De beroepscommissie heeft klager in de gelegenheid gesteld schriftelijk te reageren op het beroep en de directeur van voormelde j.j.i. om het beroep schriftelijk toe te lichten.

Op grond van haar onderzoek overweegt en beslist de beroepscommissie als volgt:

1. De inhoud van de tegemoetkoming
De beklagrechter heeft een tegemoetkoming van € 50,= toegekend vanwege de gegrondverklaring van klagers beklag betreffende intrekking van zijn onbegeleid verlof, op de gronden als in de aangehechte uitspraak weergegeven.

2. De standpunten van de directeur en klager
De directeur heeft zijn beroep als volgt toegelicht.
Hij is het niet eens met de toegekende tegemoetkoming van € 50,=. De beklagcommissie bij de inrichting heeft in een eerdere zaak (van een andere jeugdige inzake het niet inroosteren voor verlof wegens personeelstekort, beroepscommissie) overwogen dat
het algemeen gangbare bedrag voor het niet doorgaan van verlof € 50,= is. De directie veronderstelt dat de aan klager toegekende tegemoetkoming eveneens op grond van deze motivering is bepaald. Een tegemoetkoming van € 50,= voor het intrekken van
verlof
is echter geen gangbare norm en uitzonderlijk hoog, waarmee een precedent wordt geschapen. De richtlijn van de beroepscommissie van juli 2010 inzake tegemoetkomingen vermeldt dat sporadisch tegemoetkomingen door de beroepscommissie zijn toegekend. Op
10
augustus 2010 heeft de beroepscommissie voor het niet doorgaan van incidenteel verlof een tegemoetkoming van € 10,= toegekend. Er zijn geen uitspraken van de beroepscommissie bekend waarbij een tegemoetkoming van € 50,= is toegekend voor het niet
doorgaan van verlof. Een dergelijk hoog bedrag staat niet in verhouding tot tegemoetkomingen in andere zaken, bijvoorbeeld een tegemoetkoming van € 2,25 per dag voor een kamerplaatsing.
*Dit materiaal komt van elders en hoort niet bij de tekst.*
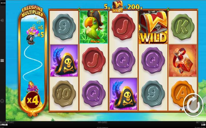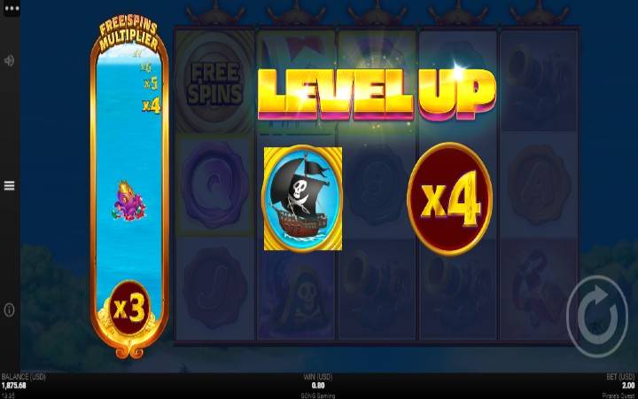 Svaki put kada se simbol broda pojavi na kolonama, on će se pretvoriti u scatter simbol. Osim toga, sa leve strane, u dodatnoj koloni, videćete napredak, i kad god se brod pojavi na kolonama, brodić se pomera i na posebnoj levoj koloni. Kada dođe do kraja, množilac se povećava za 1, a novi brod kreće na put. Postoji 10 različitih brodova, pa možete osvojiti množilac do vrednosti x10.

Klager heeft geen gebruik gemaakt van de mogelijkheid om te reageren op het beroep van het hoofd van de inrichting.

3. De beoordeling
Vaststaat dat klagers onbegeleid verlof is ingetrokken nadat was ontdekt dat klagers verlofadres, dat hij al negen maanden lang met (eerst begeleid en vervolgens onbegeleid) verlof bezocht, nog nooit was gescreend. Na controle van het verlofadres is
dat
adres als verlofadres afgewezen.

De beroepscommissie heeft in beroepszaken tegen uitspraken van een beklagcommissie geen standaardbedrag voor het intrekken van onbegeleid verlof vastgesteld omdat de redenen van intrekken erg verschillend van aard zijn. Een dergelijk bedrag is daarom
ook niet opgenomen in haar richtlijn standaardbedragen tegemoetkomingen in euro’s (van juli 2010).

In het licht van de door de beklagcommissie in de onderhavige zaak vastgestelde feiten acht de beroepscommissie een tegemoetkoming van € 50,= te hoog. Het is de verantwoordelijkheid van de inrichting om vóór het verlenen van verlof het verlofadres te
screenen. Het thans intrekken van verlof van klager omdat het verlofadres pas nu gescreend is, is niet aan klager te wijten en om die reden is een tegemoetkoming gerechtvaardigd. Nu klager ten gevolge van de door de inrichting achterwege gelaten
screening ook voordeel heeft genoten acht de beroepscommissie een lagere tegemoetkoming dan door de beklagcommissie opgelegd rechtvaardig.

Het beroep zal dan ook gegrond worden verklaard en de beroepscommissie zal een lagere tegemoetkoming vaststellen, namelijk € 25,=.

4. De uitspraak
De beroepscommissie verklaart het beroep gegrond, vernietigt de uitspraak van de beklagrechter voor zover daartegen beroep is ingesteld en bepaalt dat aan klager een tegemoetkoming toekomt van € 25,=.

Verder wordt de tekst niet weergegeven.